Дилетант (это не оценка, это констатация факта) Розовский перенес на сцену полудилетантского эстонского театра свой спектакль, адресованный московской публике. Коктейль из «Крокодила» с небольшой примесью «Бесов» и «Преступления и наказания» был сотворен ради политической сатиры на превращение путинской квазидемократической России в откровенно полицейское государство. Многие намеки, в основе которых лежали вполне конкретные события, нашей публике просто-напросто были непонятны. В итоге зритель получил развеселое шоу, в котором на фоне не очень сильной труппы выделялись Райво Рюйтель, игравший Друга, и Марика Королев (жена проглоченного крокодилом Ивана Матвеевича). Но использовать Достоевского для такой простой надобности — все равно что микроскопом гвозди забивать. И дорогую вещь жалко, и молотком как-то сподручнее!
НА ПУТИ К СВИФТУ
Роман Козак помещает Достоевского где-то на полпути от разочарованного, принявшего мир как безысходность позднего Гоголя — к совсем уж беспросветному, но от этого не менее великолепному Свифту.
«Все мы вышли из гоголевской „Шинели“», — сказал как-то Достоевский. В спектакле эти слова становятся плотью, материализуясь в образе персонажа, обозначенного как Первый (Александр Ивашкевич). Первому дана (в «Крокодиле») обязанность все устраивать: выручать проглоченного зверем Ивана Матвеевича (Дмитрий Денисюк), объясняться с всемогущим бюрократом Тимофеем Семеновичем (Кирилл Кяро), следить за тем, чтобы очаровательная супруга проглоченного Елена Ивановна (Александра Метальникова) не слишком злоупотребляла неожиданно приятным положением соломенной вдовы. Первый взывает то к человечности, то к элементарной логике. И убеждается, что оба эти понятия деформированы, доведены до абсурда, что мир нелеп… и прекрасно существует в этой своей нелепости.
После всех этих злоключений сюжет «Крокодила» обрывается… точнее, плавно растворяется в пространстве спектакля, Первый сбрасывает с себя прежнюю роль и превращается в рассказчика из «Бобка», неудачливого литератора, речь которого по мысли и ритму близка к бреду гоголевского Поприщина. «Бобок» — лучшая часть спектакля и… наименее зрительская. Утонченный интеллектуал Козак выбрал для Достоевского особую эстетику, рождающуюся из смешения низких жанров, того, что называется «трэш» («мусор»): балагана, цирка, немого кино (а в «Бобке» — еще и канкана). И все это скрепил трагикомическим гротеском.

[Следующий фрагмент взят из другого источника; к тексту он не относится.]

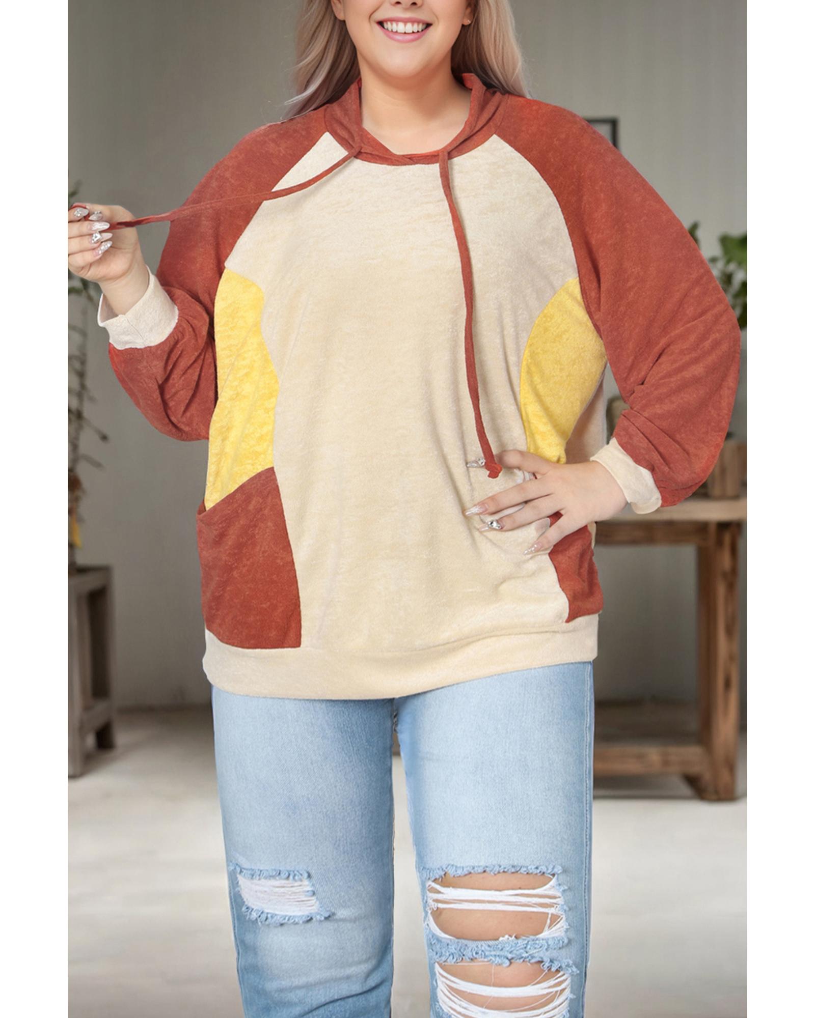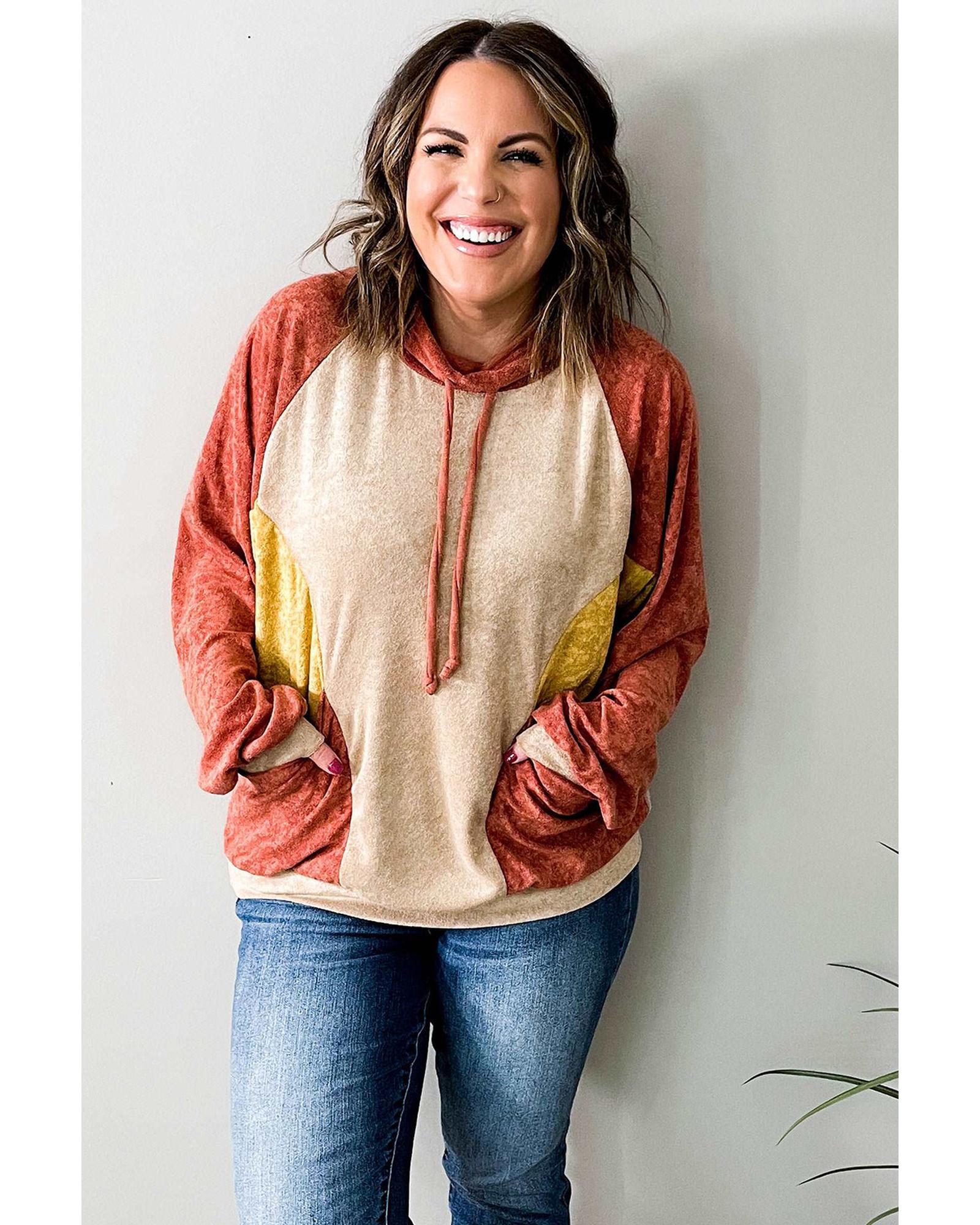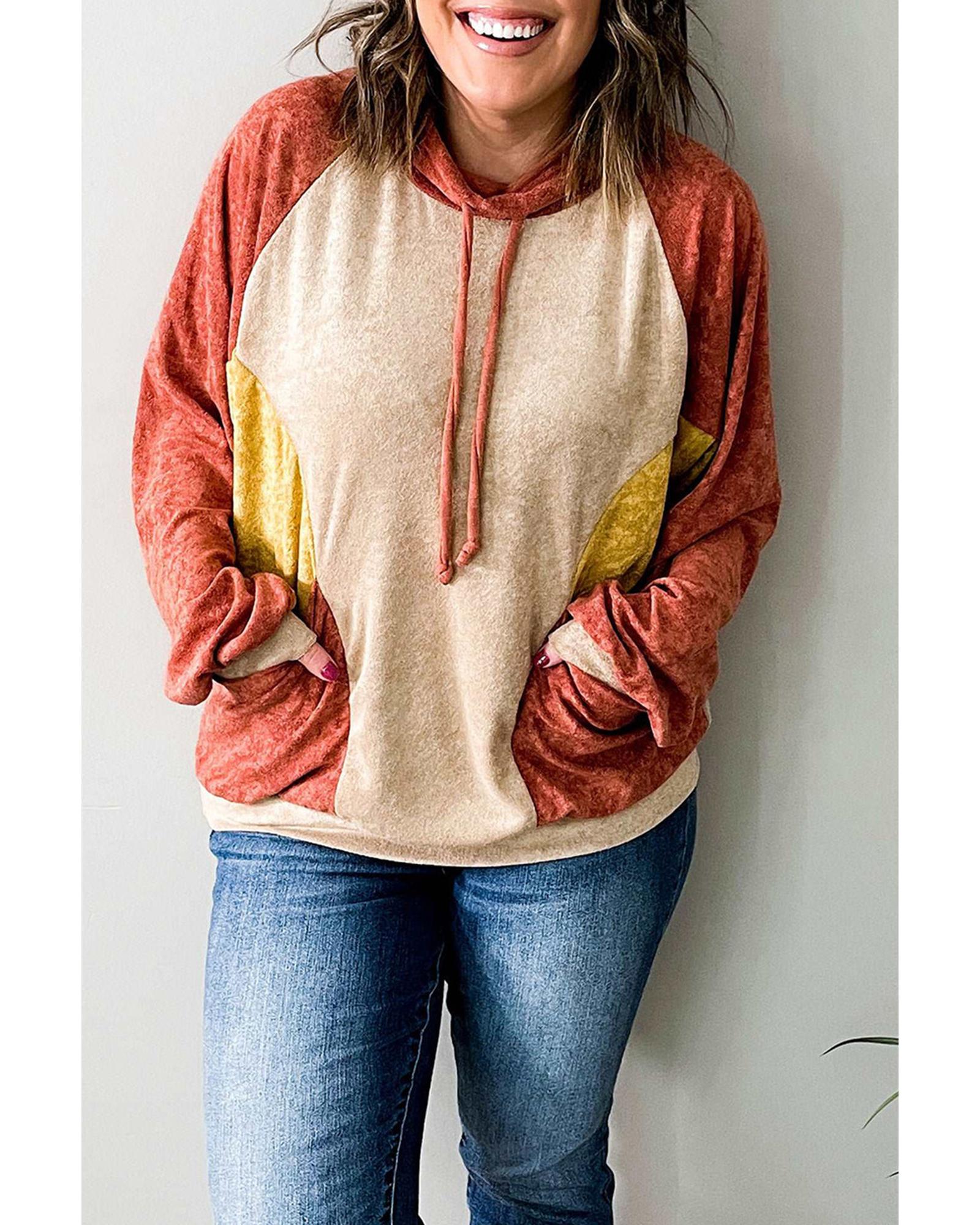 Orange Plus Size Colorblock Raglan Hoodie with Pockets – 2X
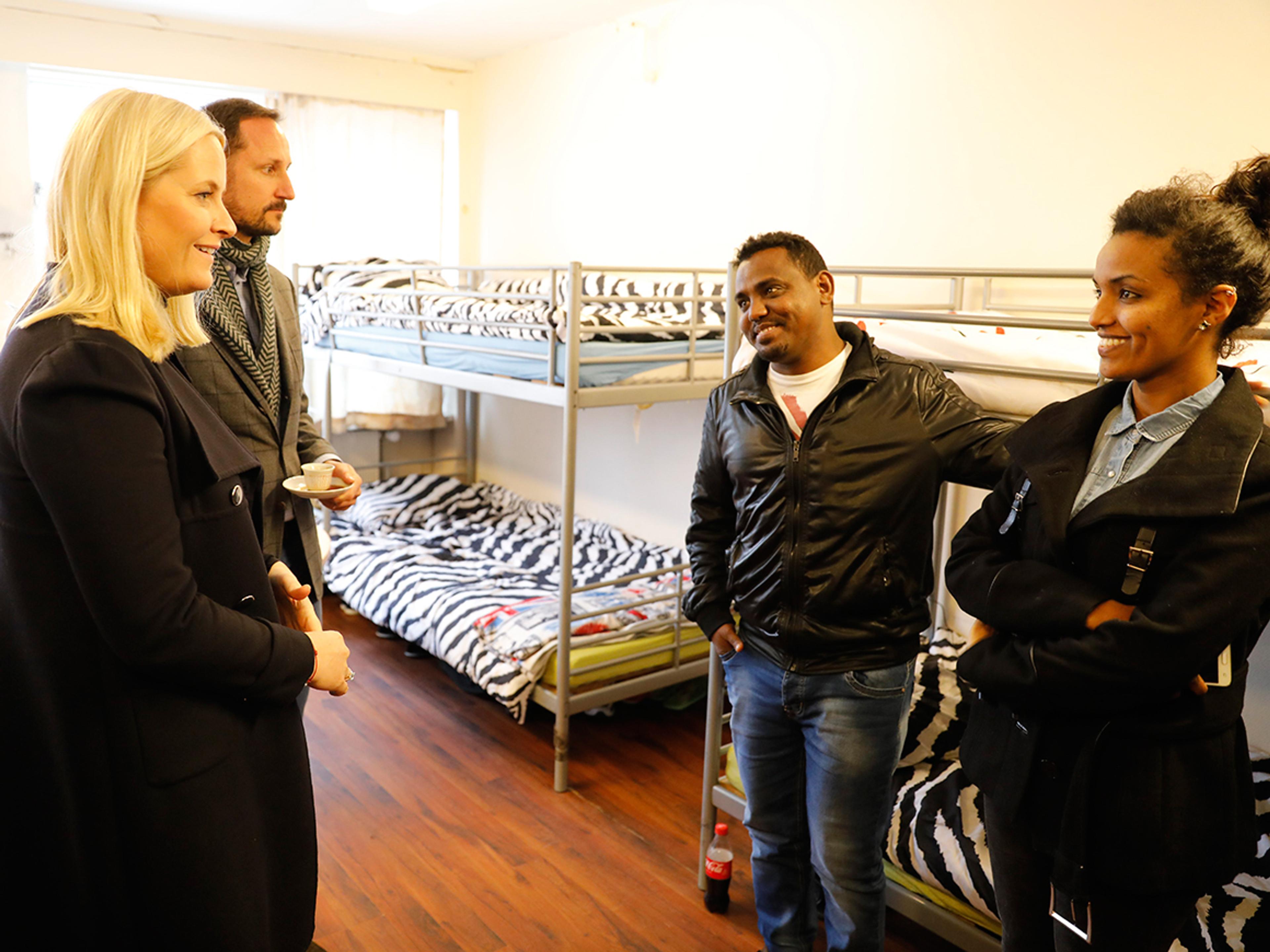 Hvordan er det å bo på et asylmottak? I dag fikk Kronprinsparet møte beboere på Torshov transittmottak i Oslo.

Актеры трех русских театров в этой эстетике чувствуют себя как рыба в воде. Ансамбль из «сборной команды» возникает почти безупречный, причем неважно, сколько места отведено той или иной роли в пространстве спектакля. Уморительно смешны абсолютно цирковые Немец (Вадим Гроссман) и Муттер (Наталья Попенко). Жутковаты покойники в «Бобке»: Генерал (Яков Рафальсон), Тарасевич (Херардо Контрерас), Лебезятников (Кирилл Кяро), Юноша (Андрей Можейко) с торчащими из фрака распоротыми внутренностями, прожженный циник Клиневич (Александр Агарков), юная развратница Катишь (Вероника Плотникова)… Карнавальная (точнее — ярмарочная) стихия этой эстетики подкреплена музыкантами, наяривающими нечто бравурное, — Тапером (Людмила Могилевская) и Скрипачкой (Ксения Агаркова), вдруг превращающейся в кладбищенскую ворону… А жестокая и глумливая музыка, взятая из произведений Альфреда Шниттке, и броские хореографические номера, поставленные Аллой Сигаловой, договаривают то, что недосказано словом.
Но сам же Козак обесценил свои находки вторым актом («Чужая жена и муж под кроватью»). Стилистика первого акта забыта. Если бы не связующие звенья: фрачники из «Крокодила», пролетающие сцену по диагонали, трупы из «Бобка», агрессивно и дьявольски заманчиво повторяющие свои куплеты, и Первый, которому дано завершить действие, — возникло бы впечатление, что после антракта идет совершенно иной спектакль. Игорь Чернявский, Яков Рафальсон, Херардо Контрерас, Лариса Саванкова разыгрывают милый пустячок про то, как светский хлыщ и незадачливый ревнивец проникают в чужую спальню и супруга-кокетка вынуждена отвлекать от них внимание своего мужа, пребывающего в полном маразме. Играют они мастерски — но играть-то особо нечего! Режиссер словно извиняется перед публикой за то, что сделал первый акт слишком интеллектуальным.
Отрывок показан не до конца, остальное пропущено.